*** Records provided ***

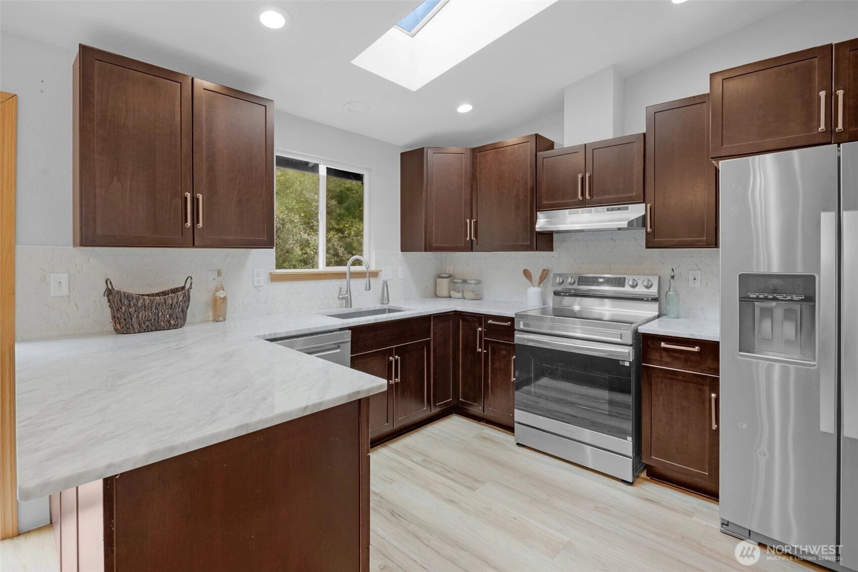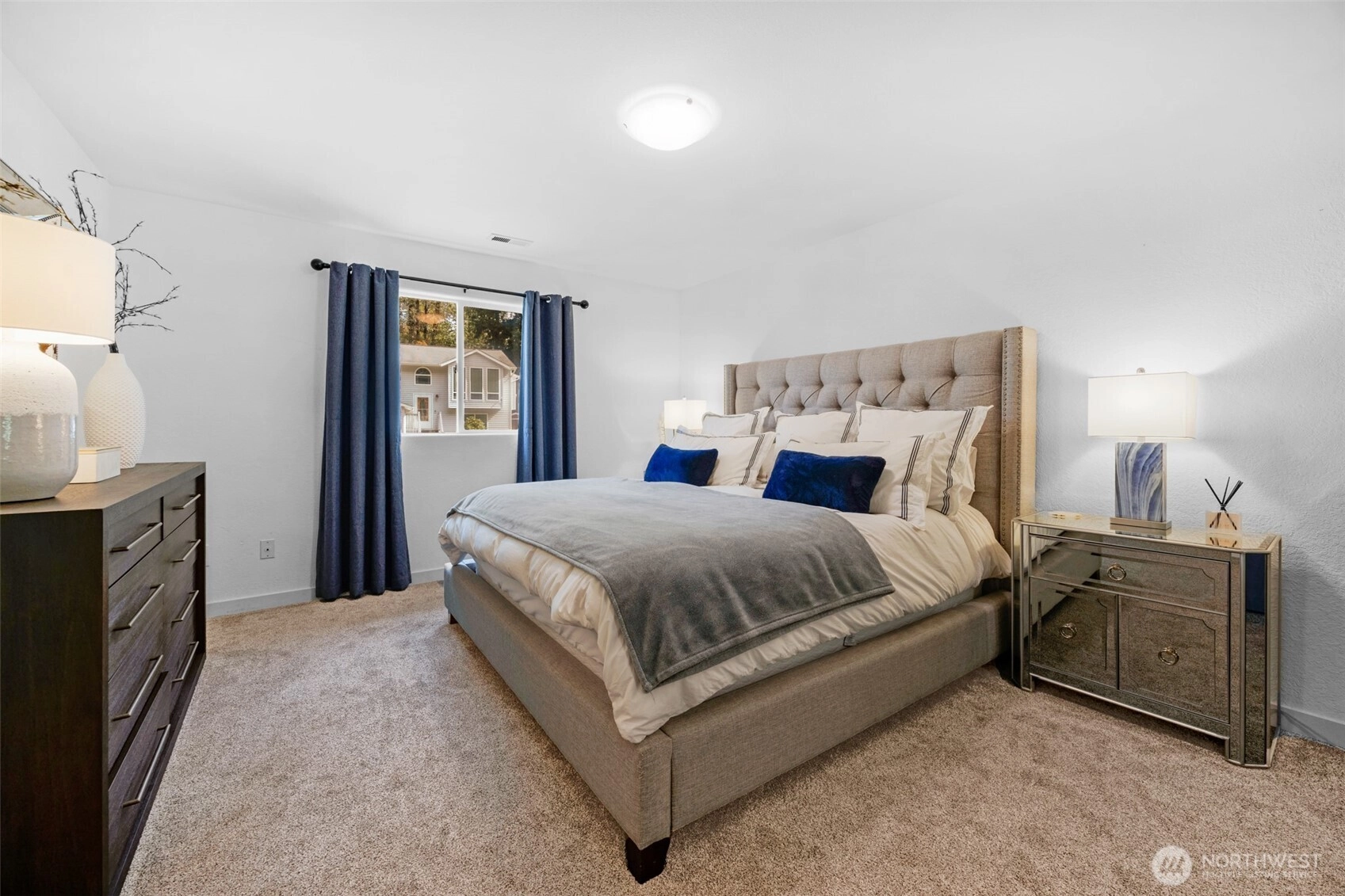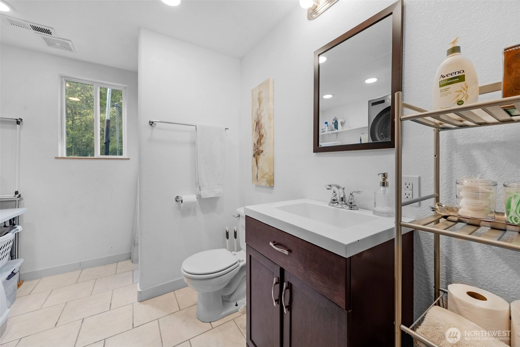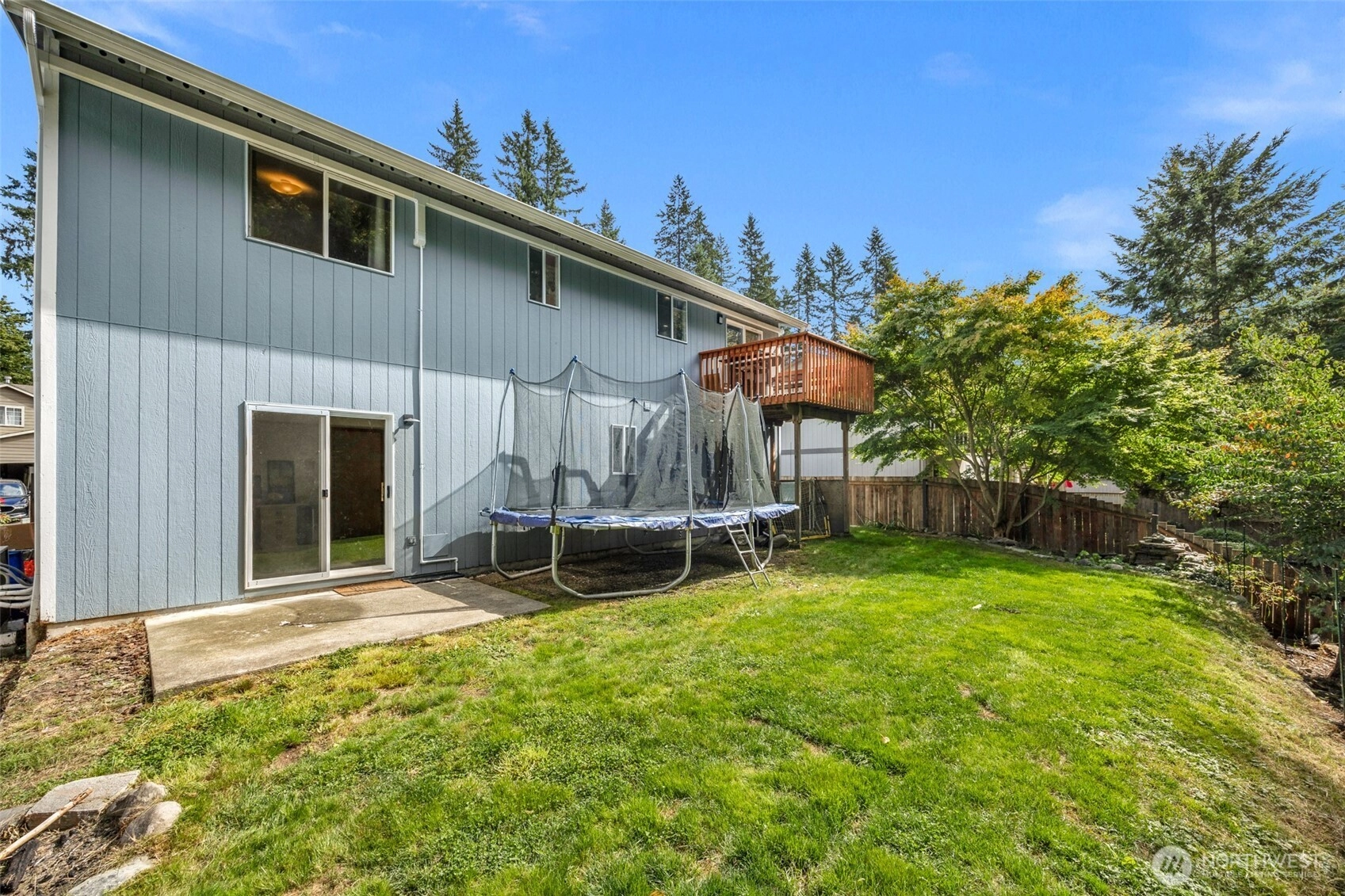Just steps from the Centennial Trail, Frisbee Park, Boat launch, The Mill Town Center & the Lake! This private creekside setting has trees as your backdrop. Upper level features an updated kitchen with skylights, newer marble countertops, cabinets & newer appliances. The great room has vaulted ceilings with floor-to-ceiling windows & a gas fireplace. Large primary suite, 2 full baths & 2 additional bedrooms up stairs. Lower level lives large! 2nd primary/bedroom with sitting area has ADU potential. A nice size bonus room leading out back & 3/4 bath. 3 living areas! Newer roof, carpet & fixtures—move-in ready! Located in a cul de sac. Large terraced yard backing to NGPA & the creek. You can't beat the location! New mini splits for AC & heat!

***
*** Records provided ***

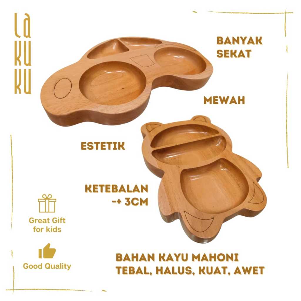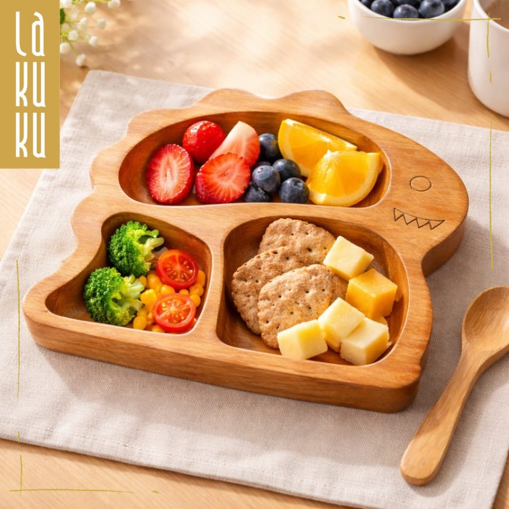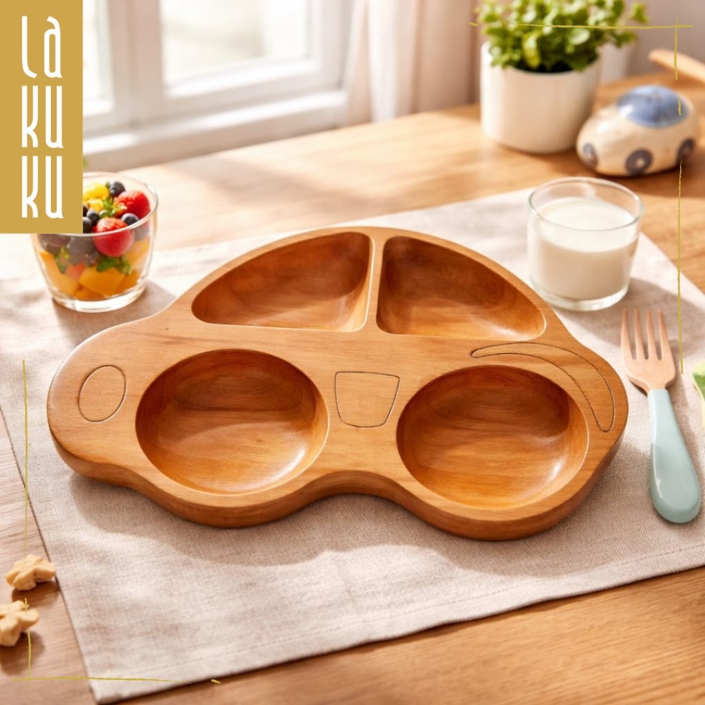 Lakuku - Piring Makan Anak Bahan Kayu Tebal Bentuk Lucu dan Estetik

***
*** Records provided ***

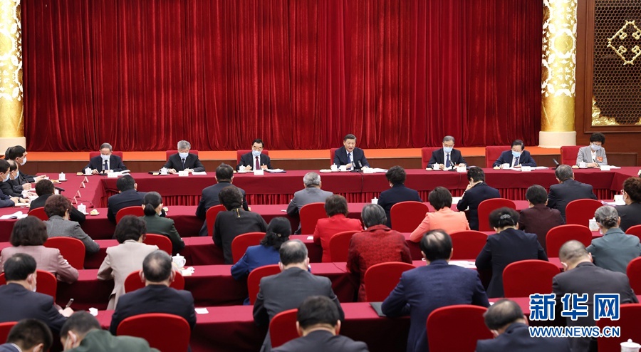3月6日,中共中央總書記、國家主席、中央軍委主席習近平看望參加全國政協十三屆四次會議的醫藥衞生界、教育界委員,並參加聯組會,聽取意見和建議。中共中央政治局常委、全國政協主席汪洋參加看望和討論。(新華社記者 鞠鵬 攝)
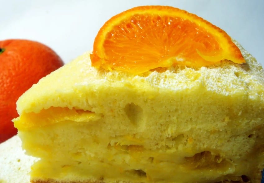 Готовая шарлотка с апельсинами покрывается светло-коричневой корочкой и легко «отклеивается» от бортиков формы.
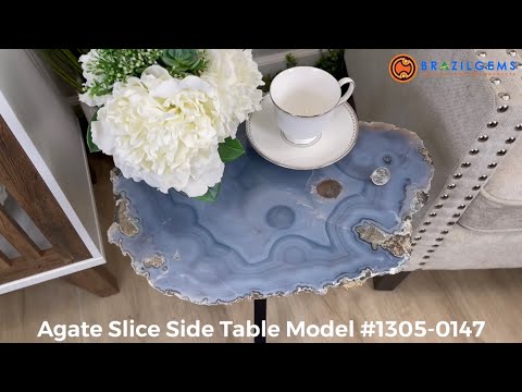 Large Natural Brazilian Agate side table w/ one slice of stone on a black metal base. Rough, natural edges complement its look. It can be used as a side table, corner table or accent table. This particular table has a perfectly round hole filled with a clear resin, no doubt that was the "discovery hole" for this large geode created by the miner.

***

# What the task asks
Give the lines above again exactly, from the one containing "Готовая шарлотка с" to the one containing "Large Natural Brazilian", both included, but leave out the pictures.

# Solution
 Готовая шарлотка с апельсинами покрывается светло-коричневой корочкой и легко «отклеивается» от бортиков формы.
 Large Natural Brazilian Agate side table w/ one slice of stone on a black metal base. Rough, natural edges complement its look. It can be used as a side table, corner table or accent table. This particular table has a perfectly round hole filled with a clear resin, no doubt that was the "discovery hole" for this large geode created by the miner.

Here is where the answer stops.